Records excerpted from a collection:
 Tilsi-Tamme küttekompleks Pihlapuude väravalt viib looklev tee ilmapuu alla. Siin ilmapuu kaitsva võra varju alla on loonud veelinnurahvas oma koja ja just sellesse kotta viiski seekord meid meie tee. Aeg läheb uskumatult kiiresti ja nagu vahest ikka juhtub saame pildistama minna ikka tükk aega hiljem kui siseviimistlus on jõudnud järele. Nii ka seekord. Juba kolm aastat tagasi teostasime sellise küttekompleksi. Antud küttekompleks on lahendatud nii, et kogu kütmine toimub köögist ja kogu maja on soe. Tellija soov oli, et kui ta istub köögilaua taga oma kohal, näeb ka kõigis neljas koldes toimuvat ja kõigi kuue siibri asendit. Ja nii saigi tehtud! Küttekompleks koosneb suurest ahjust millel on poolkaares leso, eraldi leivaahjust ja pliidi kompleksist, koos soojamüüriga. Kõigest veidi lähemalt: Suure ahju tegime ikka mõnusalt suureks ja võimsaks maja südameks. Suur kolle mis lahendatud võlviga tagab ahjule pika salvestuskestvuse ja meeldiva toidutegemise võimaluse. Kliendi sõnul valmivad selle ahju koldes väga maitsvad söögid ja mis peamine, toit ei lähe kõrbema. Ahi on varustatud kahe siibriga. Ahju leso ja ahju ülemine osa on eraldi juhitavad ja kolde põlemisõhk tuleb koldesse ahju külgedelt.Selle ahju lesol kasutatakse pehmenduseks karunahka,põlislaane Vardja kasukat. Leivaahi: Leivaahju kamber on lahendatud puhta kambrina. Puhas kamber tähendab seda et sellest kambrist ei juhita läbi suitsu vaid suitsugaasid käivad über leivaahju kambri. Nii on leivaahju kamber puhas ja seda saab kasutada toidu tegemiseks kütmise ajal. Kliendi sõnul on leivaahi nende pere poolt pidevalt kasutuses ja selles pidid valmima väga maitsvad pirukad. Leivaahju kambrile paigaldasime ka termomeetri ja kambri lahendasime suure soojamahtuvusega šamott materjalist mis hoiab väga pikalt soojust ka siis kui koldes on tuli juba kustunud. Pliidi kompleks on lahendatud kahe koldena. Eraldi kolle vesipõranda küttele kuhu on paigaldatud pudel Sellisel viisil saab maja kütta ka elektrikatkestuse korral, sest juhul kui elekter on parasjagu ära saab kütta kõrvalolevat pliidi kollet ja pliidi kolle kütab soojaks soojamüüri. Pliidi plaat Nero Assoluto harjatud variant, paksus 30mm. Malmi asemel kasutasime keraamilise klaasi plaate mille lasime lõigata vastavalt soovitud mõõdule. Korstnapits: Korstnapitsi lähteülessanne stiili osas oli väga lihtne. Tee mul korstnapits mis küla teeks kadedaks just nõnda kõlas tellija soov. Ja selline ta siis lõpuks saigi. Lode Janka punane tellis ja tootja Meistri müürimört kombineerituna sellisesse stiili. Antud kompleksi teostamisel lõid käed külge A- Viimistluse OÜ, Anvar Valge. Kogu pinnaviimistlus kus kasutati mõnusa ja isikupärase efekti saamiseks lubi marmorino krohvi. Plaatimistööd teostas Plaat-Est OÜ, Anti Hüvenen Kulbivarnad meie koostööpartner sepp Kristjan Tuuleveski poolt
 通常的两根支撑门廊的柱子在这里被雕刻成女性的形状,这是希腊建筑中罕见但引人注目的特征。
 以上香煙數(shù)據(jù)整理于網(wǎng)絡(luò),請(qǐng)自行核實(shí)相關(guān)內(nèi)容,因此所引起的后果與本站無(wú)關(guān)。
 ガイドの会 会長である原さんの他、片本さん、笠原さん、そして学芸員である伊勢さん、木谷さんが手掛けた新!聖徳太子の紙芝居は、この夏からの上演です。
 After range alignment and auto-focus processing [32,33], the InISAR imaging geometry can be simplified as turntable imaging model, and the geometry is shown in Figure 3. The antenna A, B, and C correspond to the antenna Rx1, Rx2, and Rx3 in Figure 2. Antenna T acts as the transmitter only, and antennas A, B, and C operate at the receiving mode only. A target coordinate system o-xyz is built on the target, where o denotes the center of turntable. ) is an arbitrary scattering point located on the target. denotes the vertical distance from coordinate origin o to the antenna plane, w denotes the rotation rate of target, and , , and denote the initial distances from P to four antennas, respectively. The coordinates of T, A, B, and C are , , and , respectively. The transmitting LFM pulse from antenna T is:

• Problem description: Your task is to write out, exactly, the line that holds "以上香煙數(shù)據(jù" and every line after it until the records end.

• Exercise result:
 以上香煙數(shù)據(jù)整理于網(wǎng)絡(luò),請(qǐng)自行核實(shí)相關(guān)內(nèi)容,因此所引起的后果與本站無(wú)關(guān)。
 ガイドの会 会長である原さんの他、片本さん、笠原さん、そして学芸員である伊勢さん、木谷さんが手掛けた新!聖徳太子の紙芝居は、この夏からの上演です。
 After range alignment and auto-focus processing [32,33], the InISAR imaging geometry can be simplified as turntable imaging model, and the geometry is shown in Figure 3. The antenna A, B, and C correspond to the antenna Rx1, Rx2, and Rx3 in Figure 2. Antenna T acts as the transmitter only, and antennas A, B, and C operate at the receiving mode only. A target coordinate system o-xyz is built on the target, where o denotes the center of turntable. ) is an arbitrary scattering point located on the target. denotes the vertical distance from coordinate origin o to the antenna plane, w denotes the rotation rate of target, and , , and denote the initial distances from P to four antennas, respectively. The coordinates of T, A, B, and C are , , and , respectively. The transmitting LFM pulse from antenna T is:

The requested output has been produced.